ESTADO DE ALARMA, O CÓMO SUSPENDER DERECHOS SIN PERMISO
De la popular expresión “no importa tanto lo que digas, sino cómo lo digas” hizo gala el Gobierno de España en marzo de 2020 para privar -que no limitar- a la ciudadanía de uno de sus derechos fundamentales más primario: la libertad deambulatoria. Esta injerencia de “altísima intensidad”, como la califica el Tribunal Constitucional en su sentencia, se disfrazó así de una suerte de limitación puntual de derechos, nada serio.
Los mensajes se pueden maquillar (sobre todos los malos, que son los más feos), todos los seres humanos lo hacemos, pero los hechos no. Y su intención, tampoco. La afirmación de que la prohibición de salir de nuestras casas suponga la limitación de un derecho fundamental y no su suspensión, no soporta ni la crítica más leve desde la perspectiva de la racionalidad y la lógica más elemental.
De ser así, entraríamos en terreno pantanoso, pues si extendemos tal paradigma al mundo de las leyes, estaríamos admitiendo que cualquier texto normativo podría ser interpretado (cuando interesa) como algo distinto a lo que evidencia su propia literalidad. Nos cargamos de un plumazo el principio de taxatividad de las normas y hacemos de la seguridad jurídica el nuevo brindis al sol.

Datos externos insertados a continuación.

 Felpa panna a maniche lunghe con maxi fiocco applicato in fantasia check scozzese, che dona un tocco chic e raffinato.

El Gobierno está dolido por la decisión del Tribunal Constitucional, y su triquiñuela para salir airoso de este error de semejante calado es decir que se optó por la vía rápida en defensa de la vida, el bien jurídico de mayor rango axiológico -como si tal cosa fuera discutida por el máximo intérprete de nuestra norma fundamental-, atreviéndose a cifrar incluso en 450.000 las vidas que habrían salvado con el recurso al estado de alarma. Sin embargo, los juristas no podemos arrinconar ni el texto ni la esencia de las leyes, ni siquiera en situaciones tan extravagantes como la vivida. Y el texto de la ley nos chiva, entre otras cosas, que la cobertura jurídica seleccionada otorgaba el poder de mando al Gobierno, mientras que la figura legal que era oportuna a la vista de las circunstancias recaía en el Congreso de los Diputados.

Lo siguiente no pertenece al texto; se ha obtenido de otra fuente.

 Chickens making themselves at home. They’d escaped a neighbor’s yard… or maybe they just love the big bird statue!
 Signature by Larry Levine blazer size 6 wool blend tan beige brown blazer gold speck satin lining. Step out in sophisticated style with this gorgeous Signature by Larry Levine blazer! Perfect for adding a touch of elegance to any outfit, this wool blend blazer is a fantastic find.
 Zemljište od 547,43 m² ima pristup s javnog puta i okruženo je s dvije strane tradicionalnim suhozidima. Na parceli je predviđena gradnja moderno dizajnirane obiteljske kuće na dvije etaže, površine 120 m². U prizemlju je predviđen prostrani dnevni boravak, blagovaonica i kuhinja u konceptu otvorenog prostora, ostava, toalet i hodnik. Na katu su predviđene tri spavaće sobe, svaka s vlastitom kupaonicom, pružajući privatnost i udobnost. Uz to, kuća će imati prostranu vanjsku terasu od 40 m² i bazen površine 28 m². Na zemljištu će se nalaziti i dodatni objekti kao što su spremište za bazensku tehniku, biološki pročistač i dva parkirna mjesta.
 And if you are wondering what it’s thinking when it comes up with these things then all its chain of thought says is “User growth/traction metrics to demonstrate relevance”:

Celebro honestamente que al ponente de nuestro Tribunal Constitucional no le haya temblado el pulso al redactar una sentencia que declara inconstitucional el real decreto por el que se instauró el estado de alarma, utilizado por el Gobierno como vehículo (averiado) para suspender derechos personalísimos, pues aun cuando considero inoponible que las medidas eran necesarias por la extrema gravedad que alcanzaba la crisis sanitaria, es precisamente en estas situaciones límite cuando hay que estar a la altura. Y estos mimbres de “hecha la ley, hecha la trampa” se han encargado de recordarnos que el sofisma del Gobierno no levanta los pies del suelo.